Fig. 11A and Fig. 11B Slope operating mode display screens

Fig. 12 is a screen diagram for the depth mode of operation of the present invention;

Fig. 13A shows a setting screen for the depth operating mode; and

Fig. 13B shows a user assistance screen for the Depth operating mode;

Fig. 14 shows a display screen for the depth operating mode;

Fig. 15A and Fig. 15B are side views of an excavator grading to a fixed depth;

Fig. 16 is a setting screen for a multiple profile operation mode of the present invention;

Fig. 17 a display screen for the operating mode Multi-profile;

Fig. 18 is a side view of an excavator operating in a multi-profile operating mode;

Fig. 19 is a screen diagram of a laser operating mode of the present invention;

Fig. 20 shows a setting screen for the laser mode;

Fig. 21 shows a display screen for the laser mode;

Fig. 22 shows another display screen for the laser mode, also showing multiple profiles;

Fig. 23A, 23B and 23C User support screens for laser mode;

Fig. 24 a side view of an excavator operating in laser mode.

Detailed description of the preferred embodiment

Figures 1 through 24 of the drawings depict various embodiments of the present invention for illustrative purposes only.
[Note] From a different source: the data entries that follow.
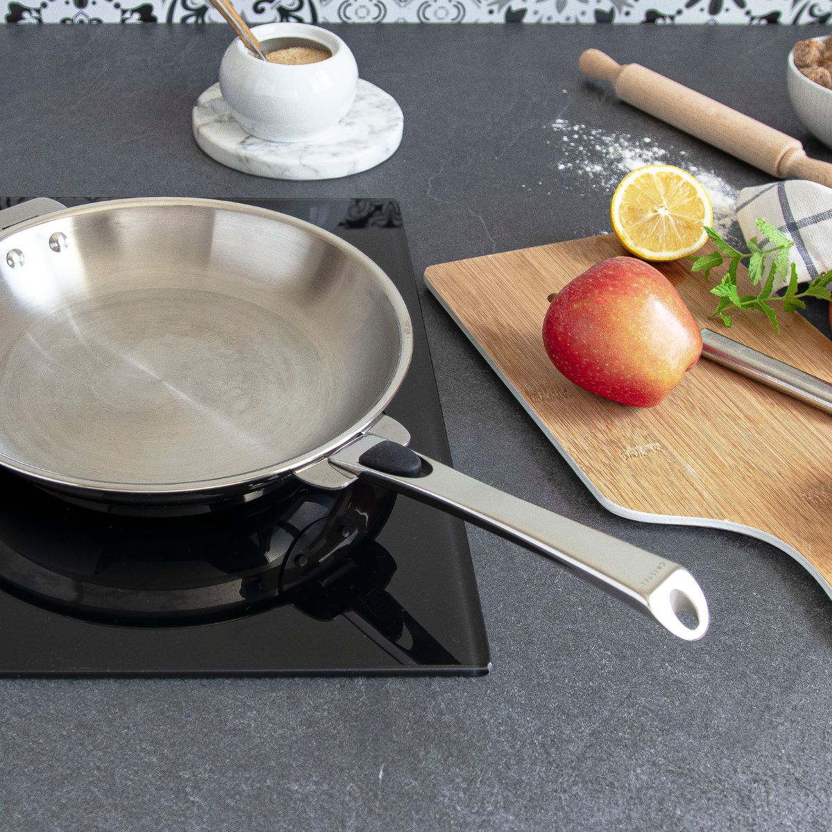 O mecanismo interior é em aço inoxidável em todos os cabos e pegas amovíveis, sejam de madeira, de inox ou de baquelite. Vais ver como é fácil colocá-los e retirá-los, o quão seguro e cómodo é manusear as tuas panelas, caçarolas e frigideiras e o quão prático é ao guardar os teus utensílios quando não os usares.
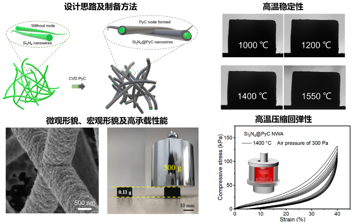 研究团队以氮化硅纳米线气凝胶为基体,采用化学气相沉积技术,在气凝胶中的纳米线表面引入热解碳(PyC)层,成功在纳米线间引入了大量的PyC结点,获得了一种Si3N4@PyC纳米线气凝胶,实现了陶瓷气凝胶强度和压缩回弹性的显著提升,突破了传统陶瓷气凝胶高强度和大回弹不能兼得的限制,为陶瓷气凝胶的强化和力学性能调控提供了新视角。此外,Si3N4@PyC NWA在高达1400℃的高温含氧条件下仍表现出优异的压缩回弹性能,展现了其在高温有氧环境的应用潜力。
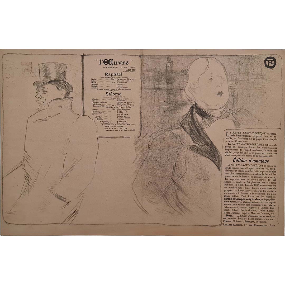 La revue encyclopédique présentée au théâtre, avec « Salomé » d'Oscar Wilde et « Raphaël » de Romain Coulus, constituait une exploration audacieuse de l'art et de la culture de l'époque. L'affiche saisit subtilement les tensions et les questionnements sociaux et culturels de cette période. La position de Toulouse-Lautrec entre Oscar Wilde et Félix Fénéon, les deux « prisonniers », symbolise la convergence de leurs destins et des enjeux de l'époque. Wilde, brisé par son incarcération, et Fénéon, observateur apparent, sont liés par Lautrec, créant un réseau de significations qui transcende la simple représentation visuelle.
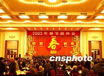 中新網(wǎng)北京1月31日電(記者 齊彬)中共中央、國務(wù)院今天上午在人民大會(huì)堂舉行二00三年春節(jié)團(tuán)拜會(huì),江澤民、胡錦濤、李鵬、朱镕基、李瑞環(huán)、李嵐清、吳邦國、溫家寶、賈慶林、曾慶紅、黃菊、吳官正、李長春、羅干等領(lǐng)導(dǎo)人同首都各界人士四千五百多人歡聚一堂,辭舊迎新,共慶中國人民的傳統(tǒng)節(jié)日。
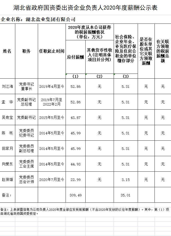 湖北省政府國資委出資企業(yè)負(fù)責(zé)人2020年度薪酬公示
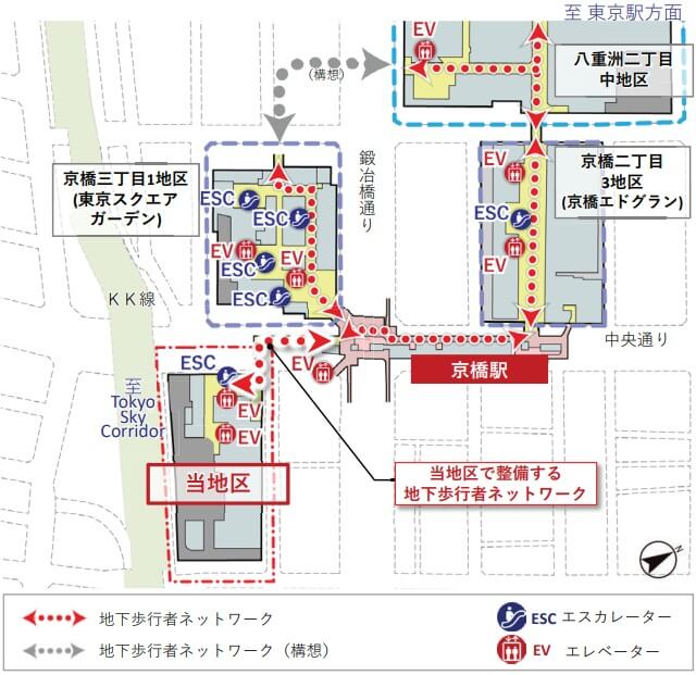 以下、地下の歩行者ネットワーク図です。建物の地下で京橋駅と接続し、将来的には東京駅まで地下で接続する事となります。
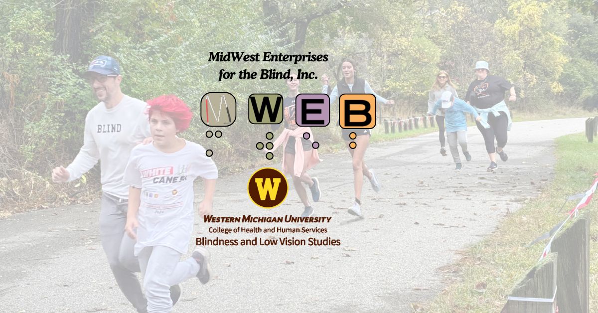 The American Council for the Blind lists Kalamazoo as one of the top five most blind friendly cities in the United States to live. MidWest Enterprises for the Blind, Inc. (MWEB) and Western Michigan University (WMU) are hosting a White Cane 5K on October 11, 2025 at Spring Valley Park in Kalamazoo, Michigan. MWEB and WMU hope to raise awareness in a fun and healthy way. Come walk or run and connect with the blind community!
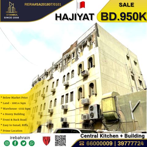 ورشة عمل ومطعم مع سكن عمال مكون من 4 طوابق مبنى للبيع في حجيات الرفاع - 950000 دينار بحريني. يتكون هذا العقار التجاري من ورشة عمل مع ميزانين (1332 متر مربع) ومطعم واحد، وسكن عمال يتكون من 26 غرفة عمال، 22 حمام، 8 مطبخ، و8 قاعات. مساحة الأرض 1083.4 متر مربع، بطريقين، بالقرب من طريق الاستقلال السريع، مع سهولة الوصول الى ألبا، باب كو، سترة، الرفاع، الخ. نقدمه بسعر 950000 دينار بحريني
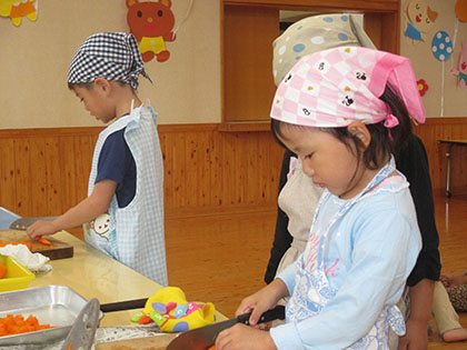 ちょっぴりドキドキするけど、しっかり包丁を持ってにんじんを切っていきます。指を丸めたネコの手で押さえながら、上手に切ることが出来ました。玉ねぎ、ジャガイモにも全員チャレンジして、たくさんの材料が準備できました。
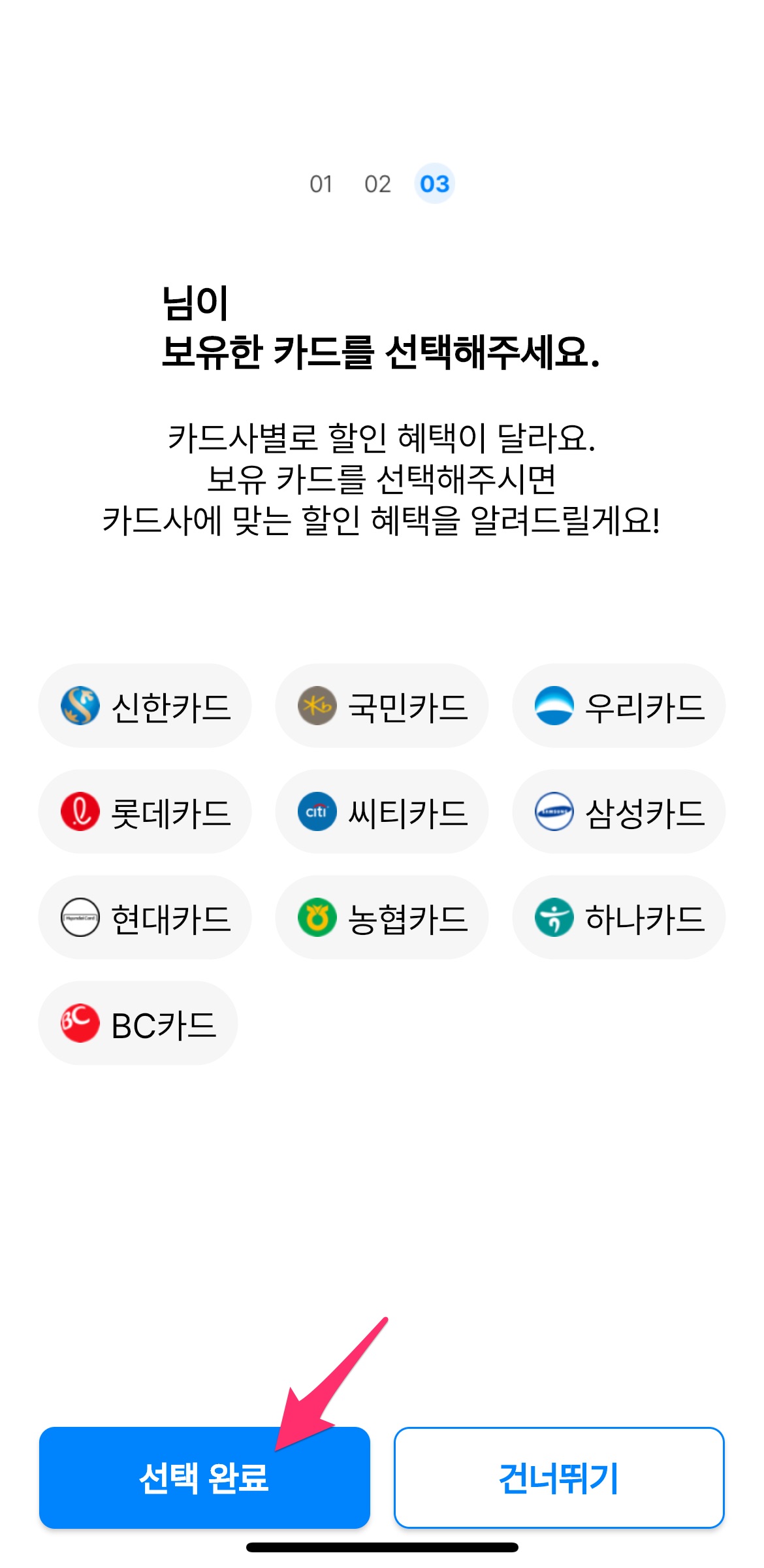 또한 카드사별로 할인 혜택이 있기에 본인 소지하고 있는 카드를 선택하시면 카드사에 맞는 할인 혜택을 알려줍니다.

One skilled in the art will readily appreciate from the following discussion that alternative embodiments of the structures and methods depicted herein may be employed without departing from the principles of the invention described herein.

The preferred embodiment of the present invention is a method of using a touch screen control panel for entering and displaying data to control excavation by an excavator. Referring to Figure 1, an excavator 10 includes an excavator undercarriage 12 pivotally mounted on crawler tracks 14. A boom 16 is pivotally mounted on the excavator undercarriage 12 at pivot 17 and extends outwardly. A hydraulic cylinder 18 (or pair of cylinders), controlled by an operator seated in a cab 20 or by a machine control system, moves the boom relative to the excavator undercarriage about pivot 17 during excavation. The joystick 22 is mounted on a swivel joint 23 pivotally connected to the outer end of the boom 16. Likewise, the hydraulic cylinder 24 moves the boom relative to the boom around the swivel joint 23 during excavation. An excavator bucket 26 is pivotally connected to the swivel joint 27 to an outer end of the boom 22. A hydraulic cylinder 28 moves the bucket relative to the boom around the swivel joint 27 during excavation.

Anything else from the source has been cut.